The town I used to live in (and hope to move back to very soon) built a city-wide group of fiber links (22 nodes for a town of 20,000) that is working out rather quite well - you can get teevee if that's your wish - not mine, but hey, scifi is cool sometimes - or DOCSYS to the curb for 5 megs down or so... the upstream used to be one until the college kids saturated the network with p2p and the admin responded by capping upload. Cost for your 5 meg connection is about 30 bucks a month depending on which ISP you choose.

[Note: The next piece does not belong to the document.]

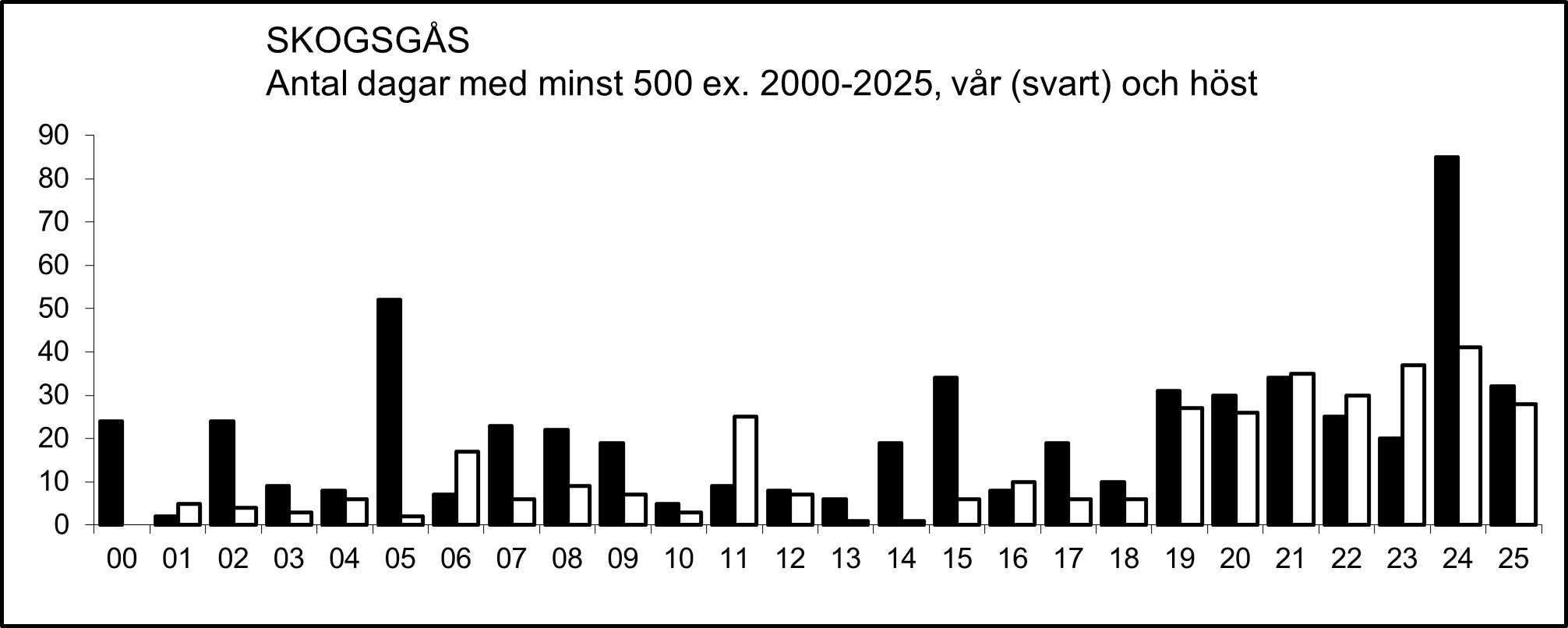 Åren 2018-2025 noterades höstrastande ansamlingar i samma storleksordning (minst 2 000 ex.):

On the education front, the school district which I work for has 6 locations in three different municipalities. We were linked together by T1 lines that really were pretty terrible - bad connections which were weather-sensitive (not such a good thing in Oregon!), and slow even when they were running at full speed. We were approached by a local (and reputable) company which offered to build out and give us 2 dark fibers to each location and a pair of fibers to our upstream provider (thereby giving us glass all the way to the NOC), all for the price we were paying for our T1 line. Sounds too good to be true? Nope. We put out an RFP, the guys who made the original proposal won the bidding by miles, they did all the hanging from poles, trenching, etc, gave us our glass, we put media converters in, and voila! we've got screaminig connection between locations - all for the price of that cruddy T1 that we were apparently paying too much for.

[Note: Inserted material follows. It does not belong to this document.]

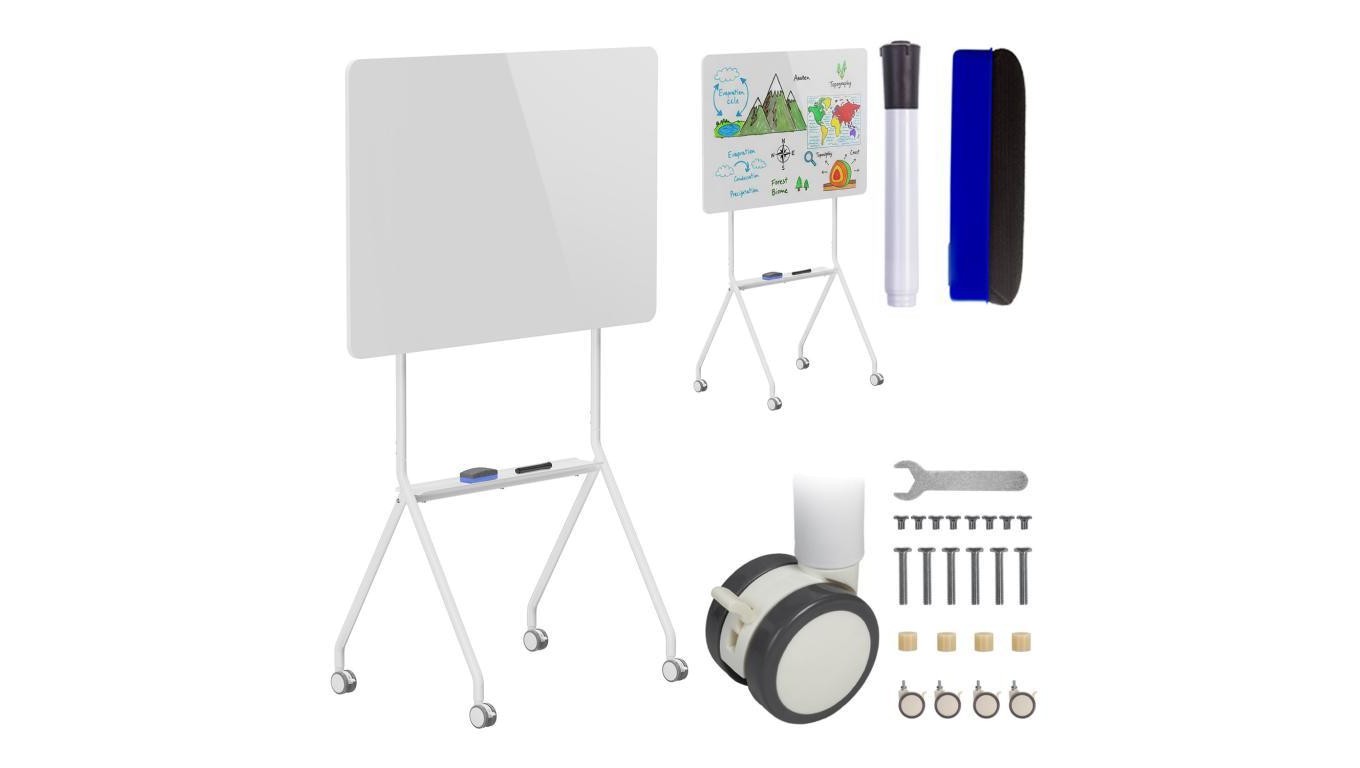 Mobilna tablica suchościeralna Ergo Office, orientacja pozioma, biała, jednostronna, z półką, wymiary tablicy 1190x790mm, ER-306

The moral of this story? I guess there isn't one, except to say that what they're talking about in the lead story is real, and works. As a slashdot-friendly aside, Paul Allen, in his role of higher-up for the local cable pigopoly, swore to the City Council that he'd do everything in his power to sink the fiber project since they weren't using his Borg-infested kit to do it, preferring instead to use local people and companies. This threat occurred about 5 years ago, and the fiber network is still doing OK. Sorry, Paul =P
political_news.c: warning: comparison is always true due to limited range of data type
Well, as one who does pay and does use the 407, I may grumble about the price increase, but at least (IMHO) I get what I pay for. I drive the 407 about 30km each way to/from work. Rarely is there traffic congestion (usually due to rubberneckers at an accident), and when it snows, its salted and plowed almost immediately. You break down at the side and those 407 trucks are right there to help out (if the OPP doesn't stop first.)
:)
They're always adding to it, expanding lanes and lengthening it and stuff.
Its a privately owned highway... if the government wanted to restrict rate increases then it should have been included in the terms of the sale.
re: reasonable timeframe. heh. you're always free to get up that hour early and take the 401.
No, reelly I don't!
The telecom companies are less progressive than any local government. They've made trillions of dollars over the years overcharging for analog lines and are fighting desperately to preserve their monopoly.
I'm from Missouri, home of SBC's (then Southwestern Bell) "We're sorry we invinted several non-existant charges and charged you for years...If you let us keep it we will use it to wire up fiber to the home.." That was 1992-1993? What fiber?
Sorry guys, no fiber here! Either do it, or give the people of Missouri their money back + all the years of interest.
Competitive? Ha. At least the government as slow as it moves can complete a fiber network. The phone company isn't going to get any sympathy here. Hell, SBC hasn't even started! 10 years from now they will still be talking about their "just around the corner" same song and dance and no results.
Okay, SBC -- Show me. Do it. You promised it 10 years ago, I want it hooked up to my house and everyone else in my neighborhood by the end of next month. You want to be competitive? That's competitive. Until then -- save your "unfair playing field" whine. Stealing billions from your customers is a pretty "unlevel" advantage as well.
Freedom is merely privilege extended unless enjoyed by one and all.